Ruta Vanaga, a scientist at the Institute of Environmental Protection and Heat Systems of Riga Technical University (RTU), made calculations: "If we are currently looking at 92 kilowatt hours (kWh) and if we are looking at a 50m2 apartment, then this saving for us is about 4.6 megawatt hours (MWh) per year. Then, by multiplying these megawatt hours by the specific tariff of the supplier, we can get how many euros the specific apartment would save, and they are 460 euros per year, if the heating tariff in Riga is currently around 100 euros for 1 MWh."

So, if the estimate for building renovation works was 880 thousand euros, co-financing 49%, then 55 apartment owners have to cover the costs of 440 thousand euros. Divided by the number of apartments – 8,000 euros each. (Of course, it depends on the area of ​​each apartment.) If you can save 460 euros a year on heat energy, then the payback time is almost 17.5 years.

As Vanaga points out, in most cases before insulation is fitted, it is necessary to perform defect elimination works related to cracks, crumbled bricks, damaged rain gutters and damp. "Actually, these works do not increase energy efficiency or increase it very little, but... by adding this insulation, we see that [there is] a shorter payback period."

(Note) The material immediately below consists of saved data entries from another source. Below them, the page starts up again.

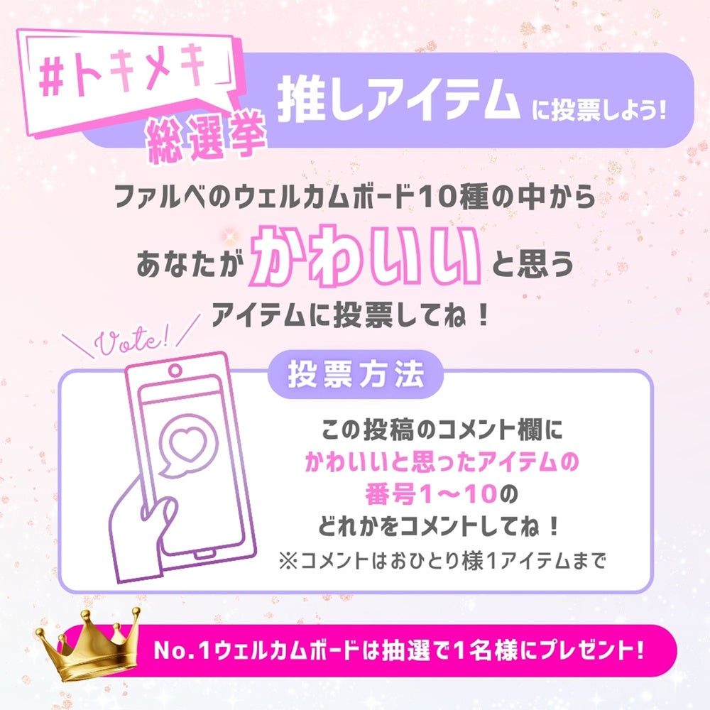 ファルベからエントリーした新作を含む10種類の人気ウェルカムボード中から人気No.1を決め、みんなでトレンドを作ろうというInstagram企画です。抽選で1位に輝いた商品のプレゼントもご用意しております。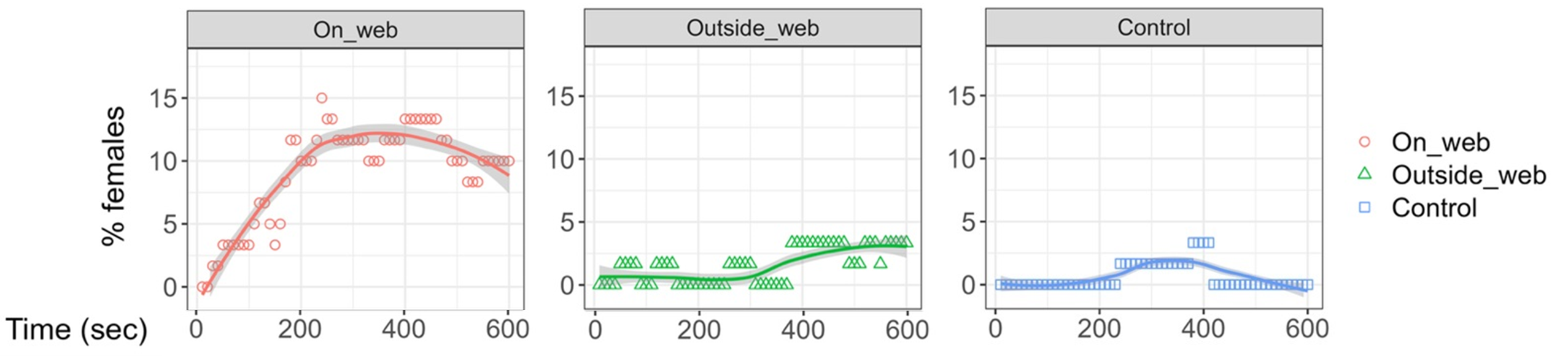 ・巣網に微小なガラスビーズを振りかけると、多くのメス成虫が巣外に出てパトロールを開始する。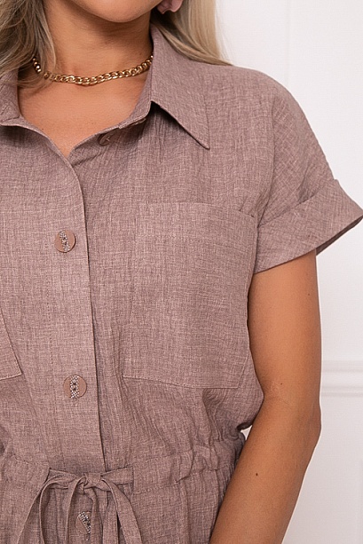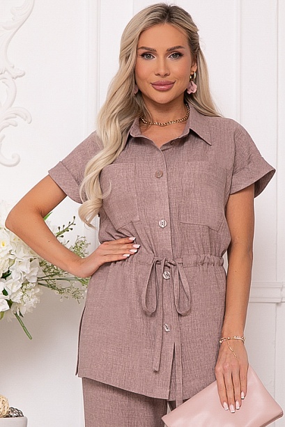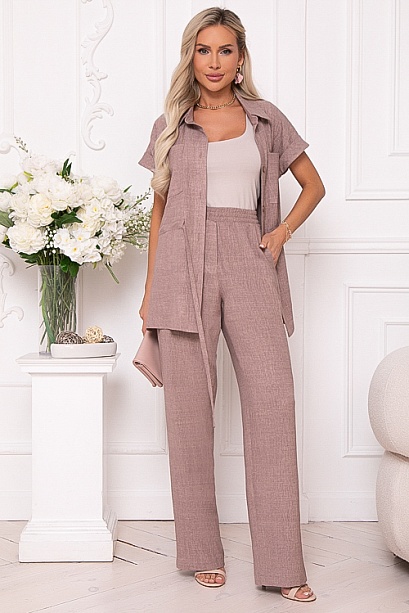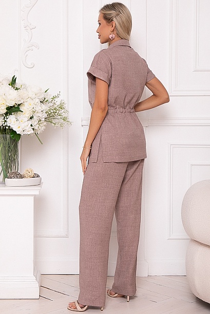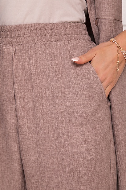 Брючный комплект из текстильного полотна.Жакет свободного силуэта с цельнокроеными рукавами и отложным манжетом.Перед с центральной застежкой на пуговицы,накладными карманами и кулиской по талии.Воротник отложной на стойке.По бокам разрезы.Брюки с высокой посадкой,прямого силуэта,по поясу эластичная резина,без застежки с имитацией гульфика.По бокам карманы.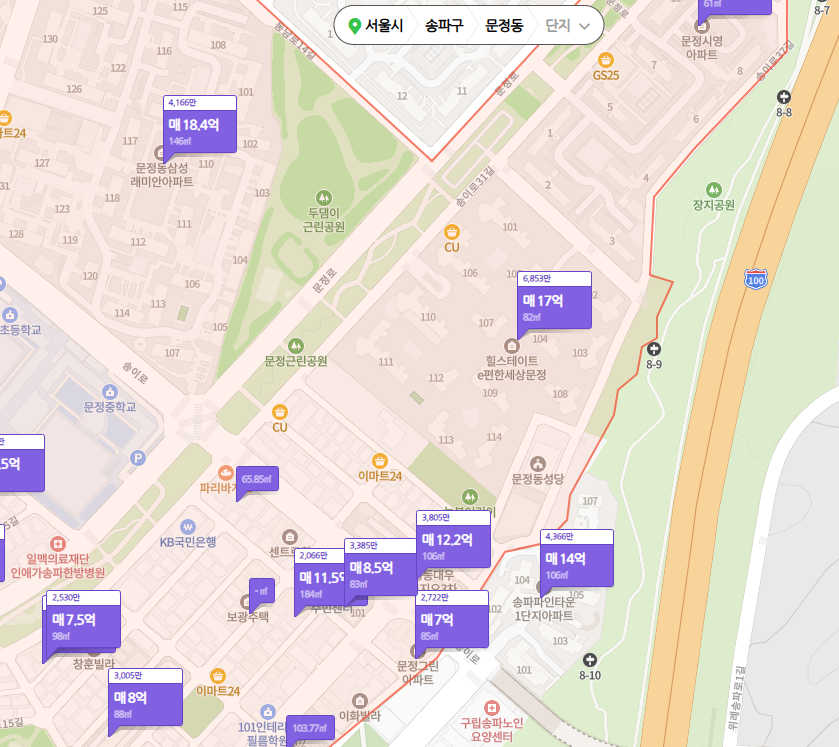 - 8호선 문정역 도보권

Sooner or later all these apartment blocks will have to be renovated – if not, they may become uninhabitable, but often the most important thing for residents is that loan repayments do not make the monthly payments more expensive, that is, the saved heat energy must exceed the loan costs. Research shows that after building renovation works, the real estate value increases by 10-30%.

What should the residents start with ?

To start a renovation, first of all, the residents of the house must agree that they want to renovate the building. "In order to start the renovation of the building, two documents must be created – the technical opinion of the building and the energy audit," said Lelītis. "These two documents will combine the information we have with the current state of the building and outline the perspective of what we could achieve, what we could save."

The development of these first two documents for a five-story house alone could cost around 2,500 euros, though 70% can be returned. Once this is done, you need to apply for a grant program, start developing a construction project, for which support is also provided, and then the road leads to the bank.

The energy efficiency specialist emphasized that it is very important to pay attention to these basic documents. The better the construction project is developed, the easier it is for the builder to create an accurate estimate so that it does not become expensive later.

"What needs to be mentioned is that apartment owners must be good utility payers," admitted Lelītis. "Inhabitants do not have to pledge anything, no credit obligations as such are made on the person."